§ Work item: Copy, exactly as written, the lines that begin at the one containing "16817832539403.jpg 1993년 AFL" and end at the one containing "Ευχαριστήριο Ιωάννη Πρίντεζη". Skip any pictures in the data below.
*****
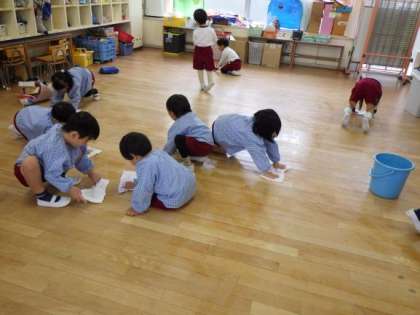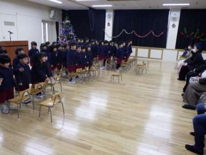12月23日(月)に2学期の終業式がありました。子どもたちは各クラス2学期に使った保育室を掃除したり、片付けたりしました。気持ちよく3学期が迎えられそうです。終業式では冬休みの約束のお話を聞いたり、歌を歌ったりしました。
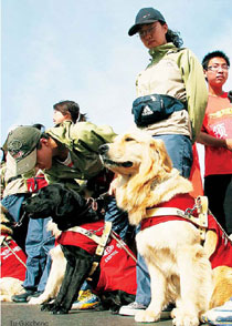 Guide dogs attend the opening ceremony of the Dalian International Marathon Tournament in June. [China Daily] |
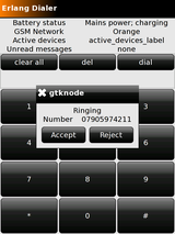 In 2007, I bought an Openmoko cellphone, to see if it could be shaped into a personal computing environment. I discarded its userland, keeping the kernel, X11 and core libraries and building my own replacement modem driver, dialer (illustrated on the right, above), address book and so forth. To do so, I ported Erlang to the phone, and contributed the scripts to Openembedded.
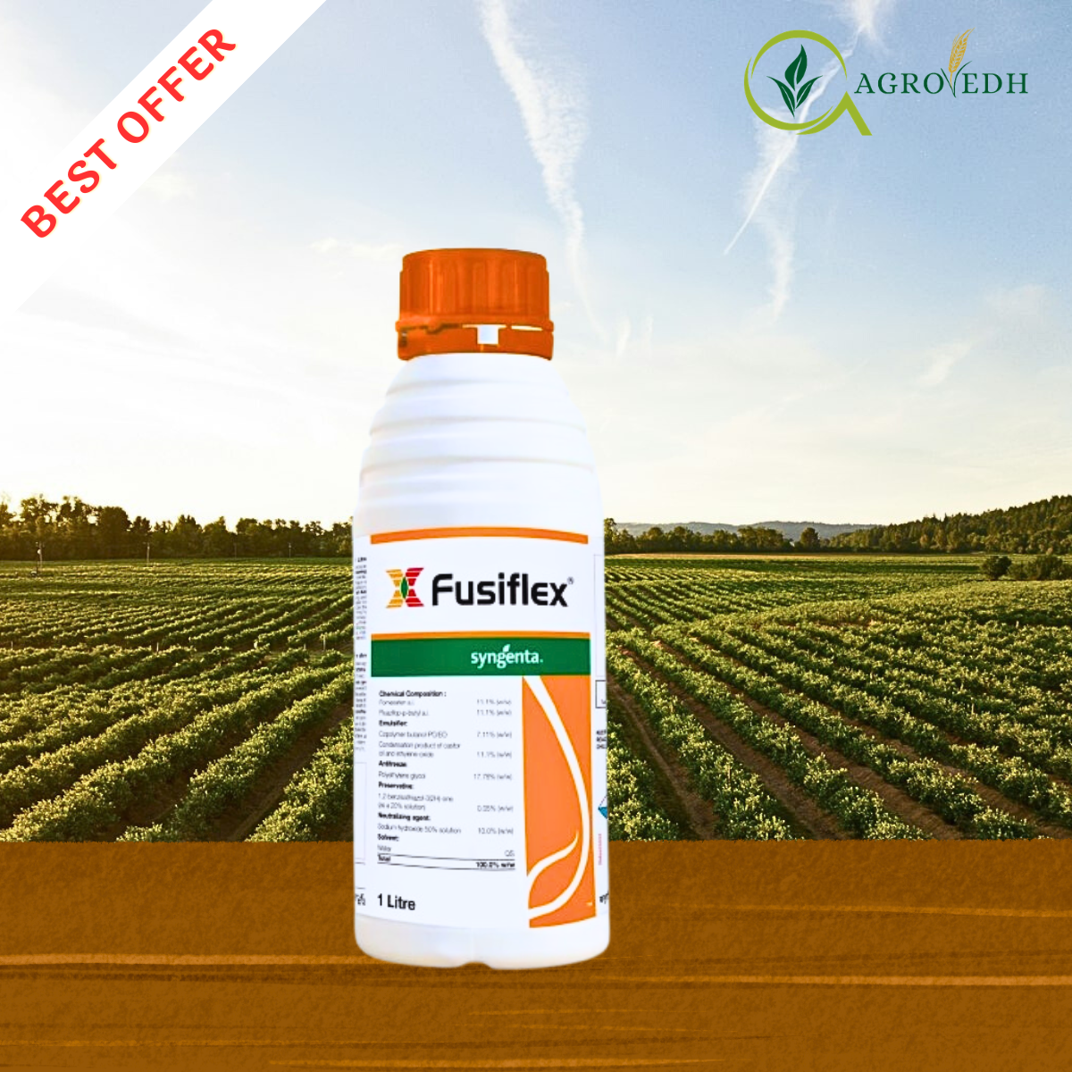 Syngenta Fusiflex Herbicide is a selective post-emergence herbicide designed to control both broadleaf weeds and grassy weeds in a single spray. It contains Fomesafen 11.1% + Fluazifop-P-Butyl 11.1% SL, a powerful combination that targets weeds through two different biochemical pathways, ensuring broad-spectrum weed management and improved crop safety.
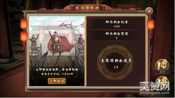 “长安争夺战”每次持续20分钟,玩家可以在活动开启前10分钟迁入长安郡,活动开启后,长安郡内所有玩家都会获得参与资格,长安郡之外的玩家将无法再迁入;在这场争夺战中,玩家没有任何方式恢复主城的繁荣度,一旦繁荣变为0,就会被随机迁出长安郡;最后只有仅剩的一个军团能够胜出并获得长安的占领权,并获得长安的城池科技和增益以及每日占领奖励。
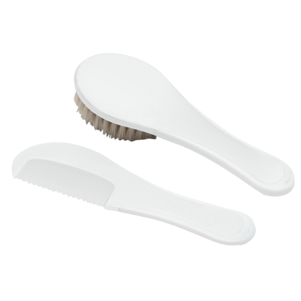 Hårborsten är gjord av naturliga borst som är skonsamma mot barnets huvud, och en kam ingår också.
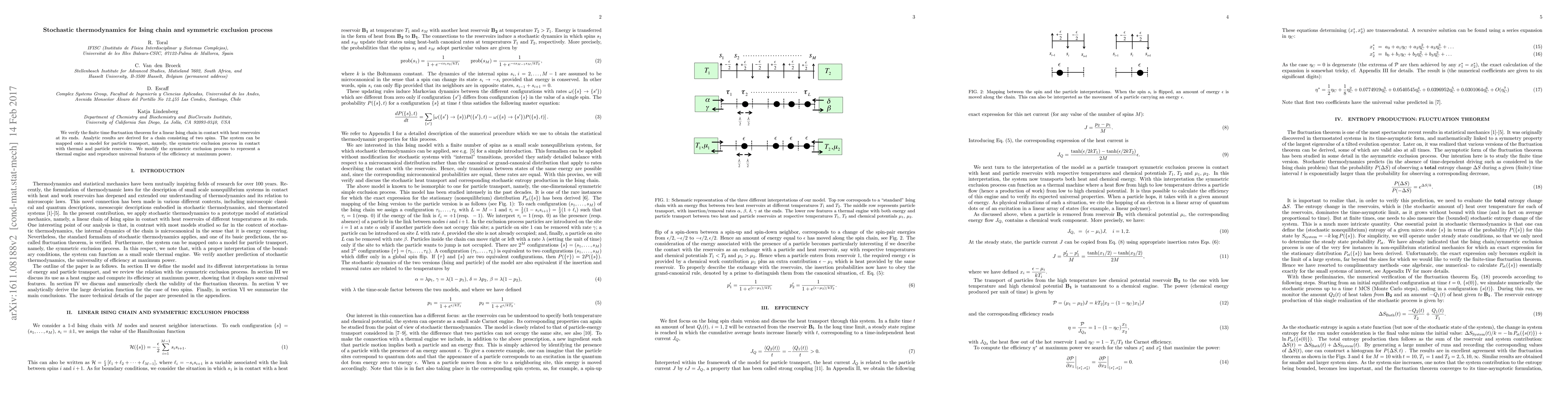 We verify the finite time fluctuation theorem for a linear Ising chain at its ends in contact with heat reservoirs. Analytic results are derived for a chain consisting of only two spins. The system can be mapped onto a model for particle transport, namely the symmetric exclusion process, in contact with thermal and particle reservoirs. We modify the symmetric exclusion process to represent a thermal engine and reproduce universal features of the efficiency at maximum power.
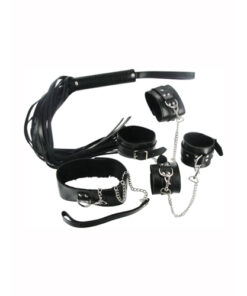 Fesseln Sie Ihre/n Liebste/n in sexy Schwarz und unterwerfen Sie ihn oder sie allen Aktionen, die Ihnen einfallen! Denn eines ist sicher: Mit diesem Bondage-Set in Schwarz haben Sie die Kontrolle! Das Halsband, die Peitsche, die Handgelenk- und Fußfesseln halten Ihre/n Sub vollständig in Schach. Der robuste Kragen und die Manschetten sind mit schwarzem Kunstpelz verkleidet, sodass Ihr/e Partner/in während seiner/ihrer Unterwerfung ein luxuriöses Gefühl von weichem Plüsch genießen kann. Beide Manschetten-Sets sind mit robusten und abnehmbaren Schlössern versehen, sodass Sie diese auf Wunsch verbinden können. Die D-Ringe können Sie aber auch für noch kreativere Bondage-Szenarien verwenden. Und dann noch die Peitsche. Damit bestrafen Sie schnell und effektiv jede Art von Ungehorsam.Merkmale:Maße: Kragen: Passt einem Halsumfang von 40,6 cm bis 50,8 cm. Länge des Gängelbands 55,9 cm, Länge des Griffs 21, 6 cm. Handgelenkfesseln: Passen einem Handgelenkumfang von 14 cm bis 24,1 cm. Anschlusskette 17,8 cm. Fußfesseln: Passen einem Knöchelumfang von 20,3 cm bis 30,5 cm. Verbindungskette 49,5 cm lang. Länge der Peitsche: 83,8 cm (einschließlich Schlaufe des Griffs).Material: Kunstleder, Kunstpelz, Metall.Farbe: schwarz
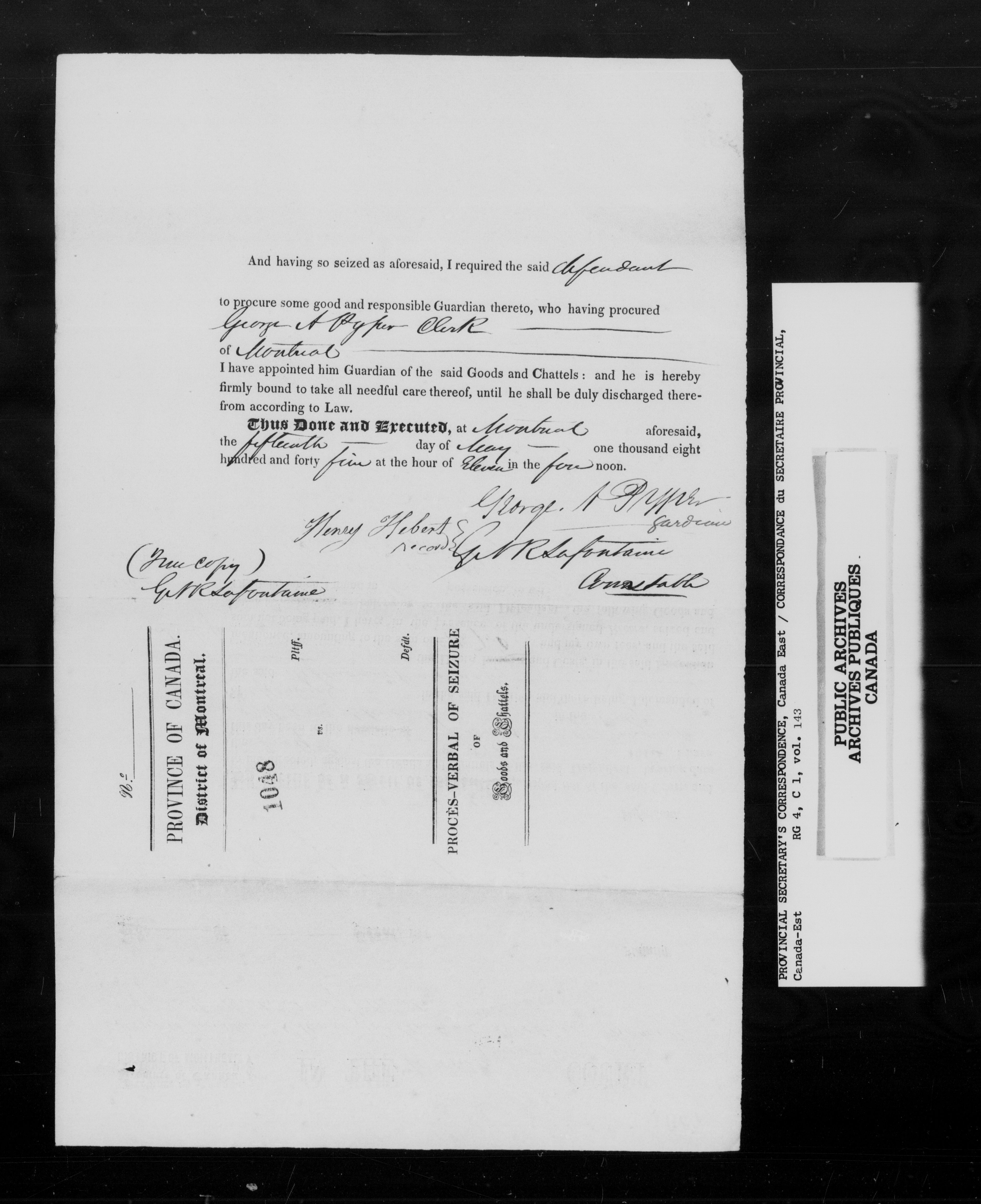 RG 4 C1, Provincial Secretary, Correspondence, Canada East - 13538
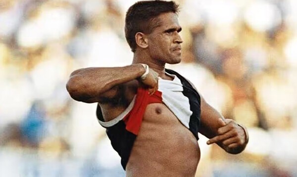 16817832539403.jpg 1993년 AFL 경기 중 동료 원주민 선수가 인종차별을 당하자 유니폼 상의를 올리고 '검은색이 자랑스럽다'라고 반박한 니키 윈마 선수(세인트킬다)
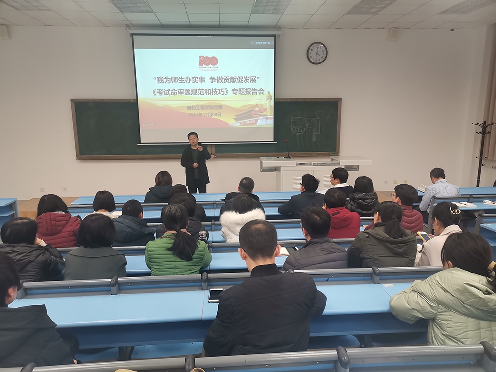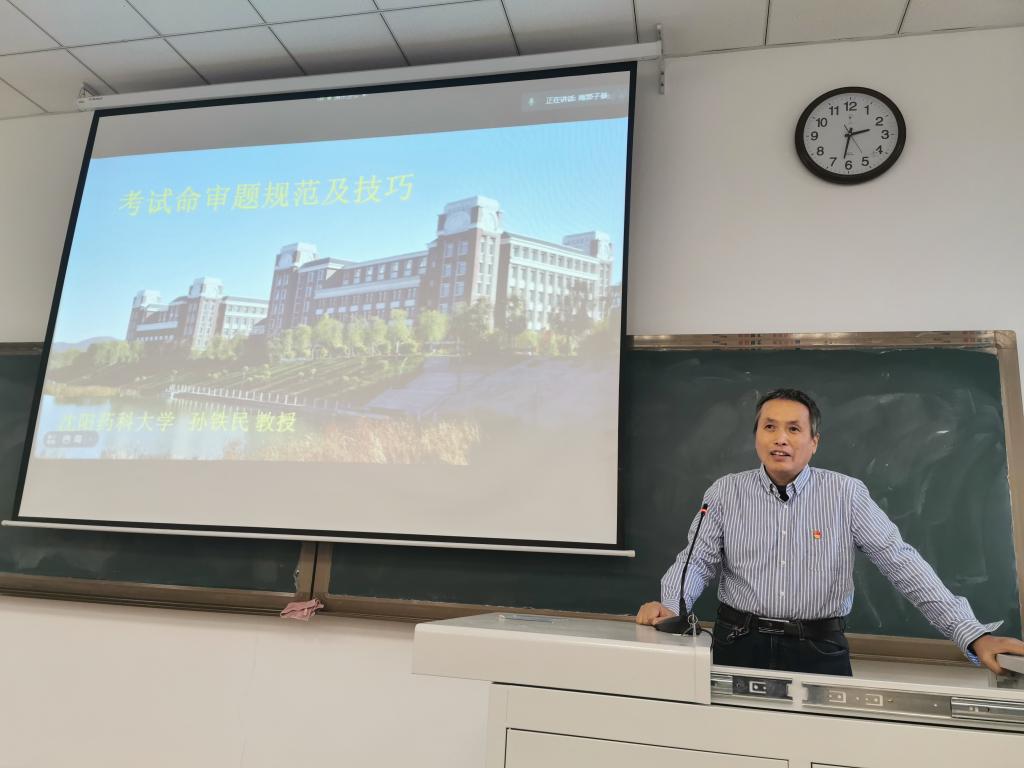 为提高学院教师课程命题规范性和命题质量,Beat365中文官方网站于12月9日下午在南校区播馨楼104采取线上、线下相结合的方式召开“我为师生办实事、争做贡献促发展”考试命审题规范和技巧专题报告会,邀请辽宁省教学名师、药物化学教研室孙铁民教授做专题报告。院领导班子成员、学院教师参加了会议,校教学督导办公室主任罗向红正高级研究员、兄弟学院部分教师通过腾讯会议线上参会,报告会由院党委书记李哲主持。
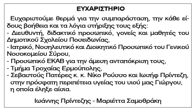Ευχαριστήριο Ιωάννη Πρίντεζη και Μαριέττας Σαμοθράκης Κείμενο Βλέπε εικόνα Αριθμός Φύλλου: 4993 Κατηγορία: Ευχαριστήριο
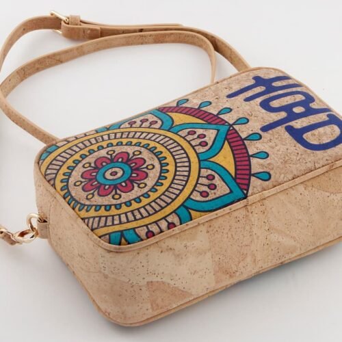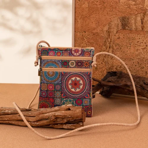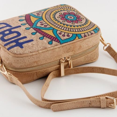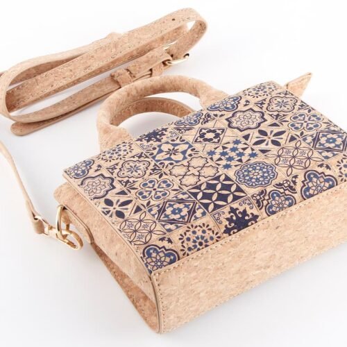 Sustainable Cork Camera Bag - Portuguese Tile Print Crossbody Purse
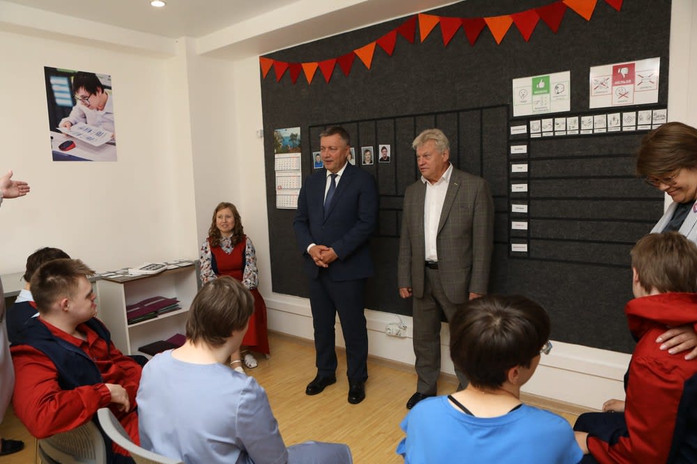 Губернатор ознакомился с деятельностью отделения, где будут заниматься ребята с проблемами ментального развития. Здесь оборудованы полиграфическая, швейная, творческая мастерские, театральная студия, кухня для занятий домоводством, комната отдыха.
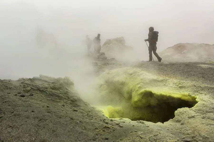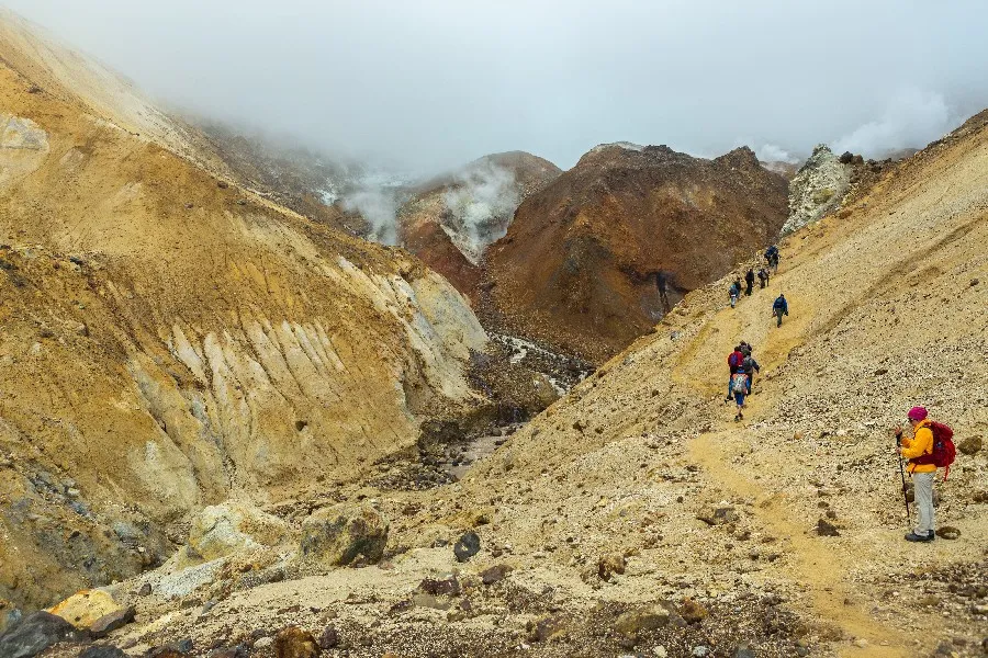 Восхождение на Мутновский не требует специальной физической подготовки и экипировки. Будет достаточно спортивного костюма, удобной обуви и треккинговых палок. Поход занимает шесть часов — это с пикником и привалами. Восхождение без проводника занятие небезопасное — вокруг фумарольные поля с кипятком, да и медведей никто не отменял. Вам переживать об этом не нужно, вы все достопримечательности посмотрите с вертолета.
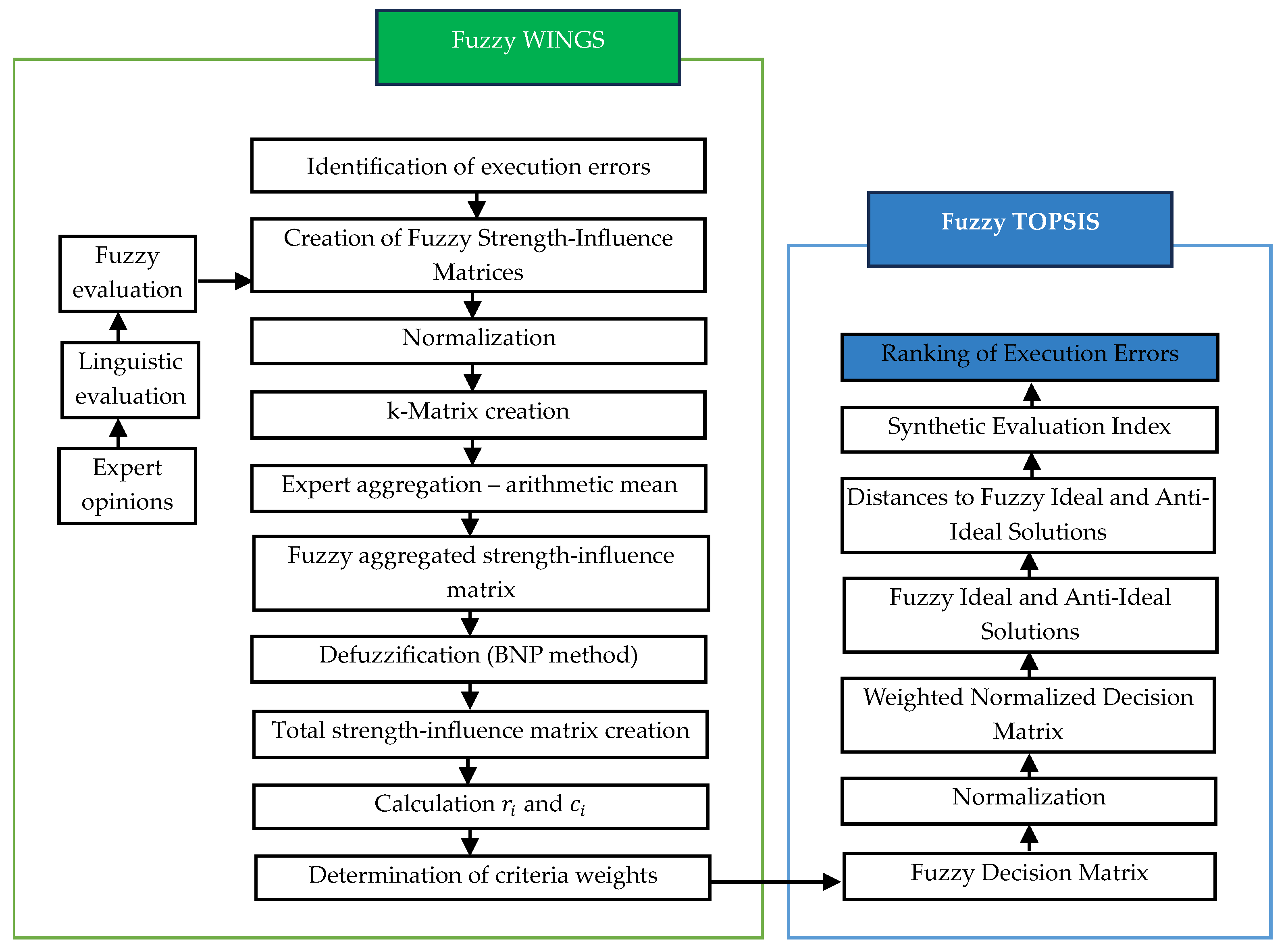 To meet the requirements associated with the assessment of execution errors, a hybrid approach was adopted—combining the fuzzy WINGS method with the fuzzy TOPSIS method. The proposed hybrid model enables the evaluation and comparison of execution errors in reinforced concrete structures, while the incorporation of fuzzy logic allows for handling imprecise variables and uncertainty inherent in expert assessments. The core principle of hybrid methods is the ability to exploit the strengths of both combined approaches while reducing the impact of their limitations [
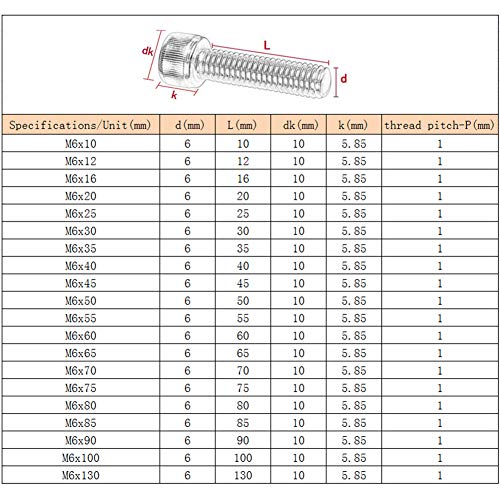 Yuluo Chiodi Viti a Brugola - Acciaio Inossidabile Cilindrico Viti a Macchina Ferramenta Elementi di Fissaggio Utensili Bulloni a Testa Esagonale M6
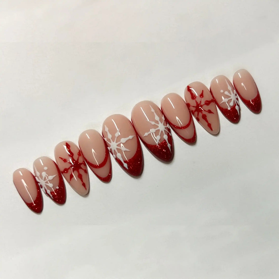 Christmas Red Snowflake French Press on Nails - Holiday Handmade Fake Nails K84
*****
§ Answer:
 16817832539403.jpg 1993년 AFL 경기 중 동료 원주민 선수가 인종차별을 당하자 유니폼 상의를 올리고 '검은색이 자랑스럽다'라고 반박한 니키 윈마 선수(세인트킬다)
 为提高学院教师课程命题规范性和命题质量,Beat365中文官方网站于12月9日下午在南校区播馨楼104采取线上、线下相结合的方式召开“我为师生办实事、争做贡献促发展”考试命审题规范和技巧专题报告会,邀请辽宁省教学名师、药物化学教研室孙铁民教授做专题报告。院领导班子成员、学院教师参加了会议,校教学督导办公室主任罗向红正高级研究员、兄弟学院部分教师通过腾讯会议线上参会,报告会由院党委书记李哲主持。
Ευχαριστήριο Ιωάννη Πρίντεζη και Μαριέττας Σαμοθράκης Κείμενο Βλέπε εικόνα Αριθμός Φύλλου: 4993 Κατηγορία: Ευχαριστήριο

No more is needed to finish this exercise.